It is possible to still use the Apple player with local HLS but it requires running your own http server and putting the hls streams and m3u8 playlist files on the local loopback address. I'm betting they must be doing this to take advantage of the HW acceleration for playback. It's rather tough to decode AVC at 720p/2mbps and full screen in SW on the iPad.

Anyway, as you point out they are encrypted and that's just another huge can of warms that some experts are going to have to attack. Was reading another forum about getting the app to work on JB devices and with all these cablelabs requirements it sure does make things tough.


----------



## wrecklass

I tend to agree with the OP on the basic point. When I first saw the price I thought, "Holy cow! That's $30 more than the AppleTV or Roku box which both have a lot more functionality than this thing."
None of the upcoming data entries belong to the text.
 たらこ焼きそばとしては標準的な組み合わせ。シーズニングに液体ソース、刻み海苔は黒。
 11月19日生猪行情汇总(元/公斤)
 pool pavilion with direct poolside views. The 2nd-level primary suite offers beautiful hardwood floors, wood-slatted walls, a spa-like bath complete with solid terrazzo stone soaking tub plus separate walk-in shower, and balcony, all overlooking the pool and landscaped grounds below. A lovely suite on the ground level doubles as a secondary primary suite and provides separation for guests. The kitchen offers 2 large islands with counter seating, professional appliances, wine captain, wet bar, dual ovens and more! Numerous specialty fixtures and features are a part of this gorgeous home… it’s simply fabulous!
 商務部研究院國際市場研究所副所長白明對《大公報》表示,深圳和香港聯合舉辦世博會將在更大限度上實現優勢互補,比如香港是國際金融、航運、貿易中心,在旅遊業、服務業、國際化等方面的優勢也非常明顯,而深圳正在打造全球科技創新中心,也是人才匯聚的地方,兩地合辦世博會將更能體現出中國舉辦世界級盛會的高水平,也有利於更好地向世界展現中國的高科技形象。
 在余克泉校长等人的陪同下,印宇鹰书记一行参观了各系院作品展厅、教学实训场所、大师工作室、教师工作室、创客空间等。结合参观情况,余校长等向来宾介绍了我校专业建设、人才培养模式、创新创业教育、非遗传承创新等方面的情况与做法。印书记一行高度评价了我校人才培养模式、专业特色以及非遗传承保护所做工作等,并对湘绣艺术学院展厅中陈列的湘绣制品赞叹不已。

I guess it is a sign of how much financial trouble TiVo is in that they have to charge that much for a box that essentially transcodes a stream, period. When I first heard about the device I was completely confused. It seems to me that you could do all of this within the TiVo with software. I suspect the problem is the Processor and limited memory within the TiVo made it impossible to add the feature without offloading it to another device.

Don't get me wrong, I have a Stream because I wanted the limited abilities it provides. But for the price I can't recommend it to any of my friends. 

Perhaps if they someday make a TiVo with sufficient capabilities to do all of this without the extra piece of hardware on the network, it would be worth buying one of those TiVo's. Unfortunately, I just upgraded to a 4XL, so I won't be buying another TiVo for at least three more years.


----------



## Dan203

The reason they can't do this in the TiVo is because the processor in the TiVo isn't powerful enough. It barely powerful enough to run the HDUI so transcoding to H.264 is out of the question. However TiVo did say during a conference call that they expect to have the Stream's functionality built into a future TiVo model.

As for the price, three things are causing that...

1) The chip they're using is cutting edge and probably not cheap. (it can recode 4 streams at 3x real time, that's impossible for even a high end desktop processor.

2) They probably ordered in low quantities. Since it's a new product and they didn't know how well it would sell they probably didn't do a big run. Like anything the more you make the cheaper they are, so the economies of scale probably didn't kick in on the initial run.

3) They have to recoup the R&D so like everything there is currently an "early adopter tax".

If the Stream does well then I bet we see them drop to $99 MSRP within 6 months. And we'll likely see slight drops even sooner from suppliers like Amazon once they finally get stock.

Dan


----------



## smbaker

wrecklass said:


> I guess it is a sign of how much financial trouble TiVo is in that they have to charge that much for a box that essentially transcodes a stream, period.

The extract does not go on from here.